COMMENTARY

Michigan dean’s possible Congress run comes with risks

11/8/2013
BY JACK LESSENBERRY
BLADE OMBUDSMAN
Jack Lessenberry.
Jack Lessenberry.

DETROIT — There’s no doubt that Jocelyn Benson has a stunning record of accomplishment — or that she is one of the potentially hottest political properties in Michigan.

Three years ago, she lost a race for secretary of state — but led the Democratic ticket in what was a huge Republican year.

Now, she faces a difficult choice. She has one of the most important and visible legal jobs in the state. Barely 36, she is interim dean of Wayne State University’s law school. She is seen as likely to get the job full-time — if she decides that’s what she wants.

But she is thinking about leaving that job to risk her career in a run for Congress in a district that is normally Republican, where she would likely face a contested Democratic primary.

“Yes, it is a difficult choice,” she said over lunch last week. “This is a tremendous job and there is so much more I want to do here.

“But many people are urging me to run,” she said. “My husband wants me to run, and I really want to be a voice for military families.”

The seat in question is Michigan’s 11th U.S. House District. It includes an assortment of mainly affluent Detroit suburbs.

Republican U.S. Rep. Kerry Bentivolio won election last year in a fluke, after incumbent Thaddeus McCotter was kicked off the primary ballot for having fraudulent signatures on an election petition.

Mr. Bentivolio, a reindeer trainer and amateur Santa Claus, holds Tea Party views so extreme that GOP establishment leaders are working to defeat him in next August’s primary. They favor a more-conventional conservative, David Trott, a foreclosure attorney.

Mr. Trott will have big bucks behind him, but primary elections tend to draw more-extreme voters. It isn’t clear who will prevail.

Additionally, Michigan’s Democratic Party chairman, Lon Johnson, has recruited a candidate, Bobby McKenzie, 39, a former U.S. State Department official. Mr. McKenzie says he’s not getting out even if Ms. Benson gets in, setting up a potential situation one high party official called “a mess.”

What may be most puzzling is why Ms. Benson would give up her present job — and risk being labeled a two-time loser — for a risky shot at being a freshman congressman.

She has degrees from Wellesley College, Oxford University, and Harvard University law school. She has served as an investigative journalist for the Southern Poverty Law Center, with the NAACP on voting rights issues, and as a law clerk to U.S. Court of Appeals Judge Damon Keith.

Active in Democratic politics, she says — even now — that secretary of state is the job she really always wanted. Her book, State Secretaries of State: Guardians of the Democratic Process, looks at best practices adopted by holders of that office around the nation.
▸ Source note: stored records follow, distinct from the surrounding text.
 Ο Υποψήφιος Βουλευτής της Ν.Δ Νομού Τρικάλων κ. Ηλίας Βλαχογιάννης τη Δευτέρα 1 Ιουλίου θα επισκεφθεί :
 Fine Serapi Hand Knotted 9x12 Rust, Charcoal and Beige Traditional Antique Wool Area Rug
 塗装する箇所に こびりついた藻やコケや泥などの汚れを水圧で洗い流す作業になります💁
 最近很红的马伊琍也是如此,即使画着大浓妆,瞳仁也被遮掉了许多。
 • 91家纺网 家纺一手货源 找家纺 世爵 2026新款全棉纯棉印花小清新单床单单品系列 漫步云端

Shortly after the book was published, she sought — and won — the Democratic nomination for secretary of state. Unfortunately, it was in an overwhelmingly GOP year. Ms. Benson led the statewide Democratic ticket, but she lost, 52 to 47 percent, to Republican Ruth Johnson.
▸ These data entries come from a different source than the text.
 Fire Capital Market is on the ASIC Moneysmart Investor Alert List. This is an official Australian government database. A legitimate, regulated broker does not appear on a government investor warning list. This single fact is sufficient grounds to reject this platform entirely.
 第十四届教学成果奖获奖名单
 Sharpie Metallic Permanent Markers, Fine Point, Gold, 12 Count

That was not seen as a fatal blow to her career. After her defeat, she founded the Michigan Center for Election Law, and a group called Military Spouses of Michigan.

She has a personal stake in the latter: Her husband, Ryan Friedrichs, joined the Army at age 34, and served as an enlisted man with an airborne brigade in Afghanistan. His service ends in August.

Last month, Ms. Benson, a dedicated runner, visited him in Italy, where he is stationed now. She ran in the Venice marathon.

Today, she says, her biggest causes are helping military families and reforming congressional and legislative redistricting in Michigan. She says her choice about whether to run is: “How I can best make that happen?”

Some people can’t understand why she would want to give up a perch as a highly visible law school dean for — in a best-case scenario — a job as a freshman member of Congress. As a representative, she would have no seniority and little power, especially because Democrats are likely to remain in the minority in the House after next year’s election.

“She is one of the most driven, smartest and most ambitious women I have ever seen,” a veteran Democratic officeholder said. “What would be a tragedy is if she is unable to contain that ambition and ends up losing everything as a result.”

Another defeat would be costly. Ms. Benson would have to give up her position as dean, and it could appear that she would intend to use any job only as a springboard to higher office. She would be instantly transformed from fresh face to two-time loser and chronic campaigner.

Last week, the Democratic Congressional Campaign Committee was saying that Ms. Benson had definitely decided to run for Congress. The committee, however, likely has an ulterior motive: She is seen as apt to be a magnet to pull in campaign money.

She insists she has not yet made up her mind. But she said: “I know I will have to, soon.”

Jack Lessenberry, a member of the journalism faculty at Wayne State University in Detroit and The Blade’s ombudsman, writes on issues and people in Michigan.